== Supplied material ==
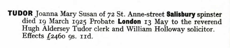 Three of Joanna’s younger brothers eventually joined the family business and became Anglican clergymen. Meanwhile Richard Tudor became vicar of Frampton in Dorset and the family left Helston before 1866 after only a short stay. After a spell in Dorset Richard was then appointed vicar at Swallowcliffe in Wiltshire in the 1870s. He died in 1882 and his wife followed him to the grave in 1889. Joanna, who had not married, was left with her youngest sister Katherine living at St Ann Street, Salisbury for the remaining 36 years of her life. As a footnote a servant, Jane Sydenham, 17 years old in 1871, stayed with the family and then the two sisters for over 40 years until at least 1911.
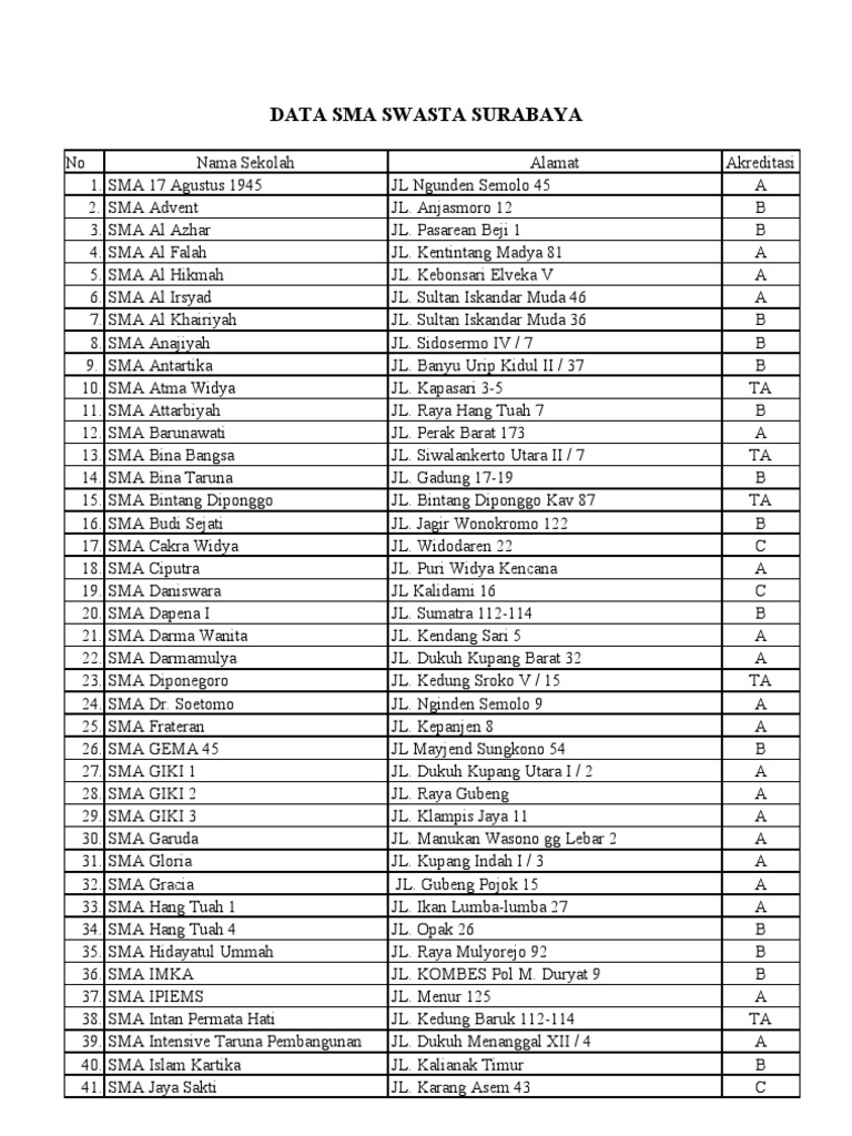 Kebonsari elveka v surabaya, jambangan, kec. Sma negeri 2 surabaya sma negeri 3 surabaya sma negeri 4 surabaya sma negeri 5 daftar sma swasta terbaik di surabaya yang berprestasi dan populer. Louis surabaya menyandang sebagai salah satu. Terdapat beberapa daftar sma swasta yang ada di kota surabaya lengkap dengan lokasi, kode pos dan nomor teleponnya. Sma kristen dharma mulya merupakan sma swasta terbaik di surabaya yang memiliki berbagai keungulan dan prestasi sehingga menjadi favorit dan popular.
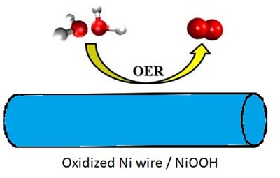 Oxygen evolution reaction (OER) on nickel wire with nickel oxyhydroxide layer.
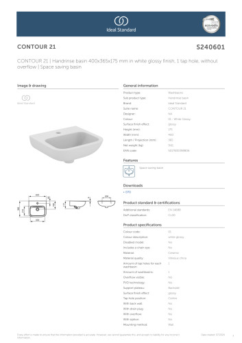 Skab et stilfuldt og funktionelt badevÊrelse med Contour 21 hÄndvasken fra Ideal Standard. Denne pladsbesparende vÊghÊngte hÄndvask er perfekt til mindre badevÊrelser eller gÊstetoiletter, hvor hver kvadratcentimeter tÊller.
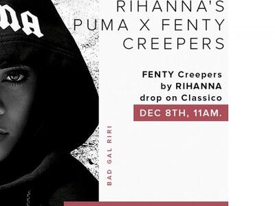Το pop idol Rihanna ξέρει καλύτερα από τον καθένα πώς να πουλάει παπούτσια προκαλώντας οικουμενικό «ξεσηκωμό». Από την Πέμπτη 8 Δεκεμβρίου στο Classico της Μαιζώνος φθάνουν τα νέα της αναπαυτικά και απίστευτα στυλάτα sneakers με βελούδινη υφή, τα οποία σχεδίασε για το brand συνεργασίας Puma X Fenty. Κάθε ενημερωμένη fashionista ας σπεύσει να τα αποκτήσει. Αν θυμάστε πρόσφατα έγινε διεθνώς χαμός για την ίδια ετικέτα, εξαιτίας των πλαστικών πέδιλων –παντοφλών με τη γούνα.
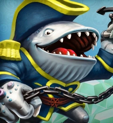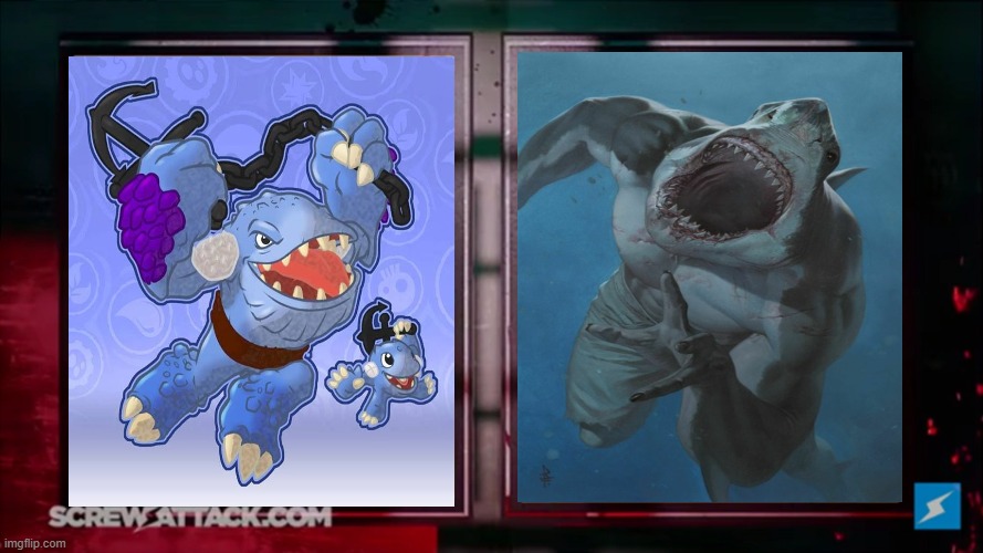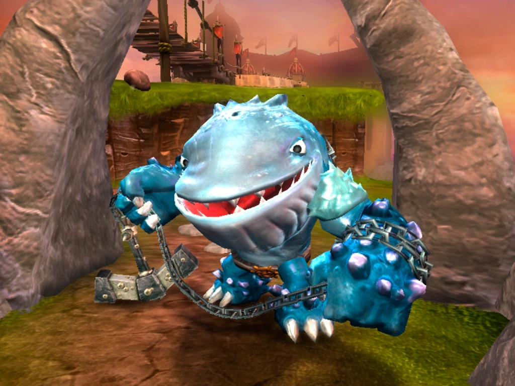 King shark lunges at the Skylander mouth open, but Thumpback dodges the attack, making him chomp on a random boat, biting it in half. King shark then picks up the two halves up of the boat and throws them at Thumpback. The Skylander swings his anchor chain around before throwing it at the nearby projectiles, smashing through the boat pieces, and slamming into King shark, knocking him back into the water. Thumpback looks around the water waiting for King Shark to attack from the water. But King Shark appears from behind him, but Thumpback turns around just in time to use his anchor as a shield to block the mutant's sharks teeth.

== Task directions ==
What's needed is an exact copy of the lines above from the one with "Kebonsari elveka v" through the one with "Skab et stilfuldt", both included; the pictures stay out.

== Answer section ==
 Kebonsari elveka v surabaya, jambangan, kec. Sma negeri 2 surabaya sma negeri 3 surabaya sma negeri 4 surabaya sma negeri 5 daftar sma swasta terbaik di surabaya yang berprestasi dan populer. Louis surabaya menyandang sebagai salah satu. Terdapat beberapa daftar sma swasta yang ada di kota surabaya lengkap dengan lokasi, kode pos dan nomor teleponnya. Sma kristen dharma mulya merupakan sma swasta terbaik di surabaya yang memiliki berbagai keungulan dan prestasi sehingga menjadi favorit dan popular.
 Oxygen evolution reaction (OER) on nickel wire with nickel oxyhydroxide layer.
 Skab et stilfuldt og funktionelt badevÊrelse med Contour 21 hÄndvasken fra Ideal Standard. Denne pladsbesparende vÊghÊngte hÄndvask er perfekt til mindre badevÊrelser eller gÊstetoiletter, hvor hver kvadratcentimeter tÊller.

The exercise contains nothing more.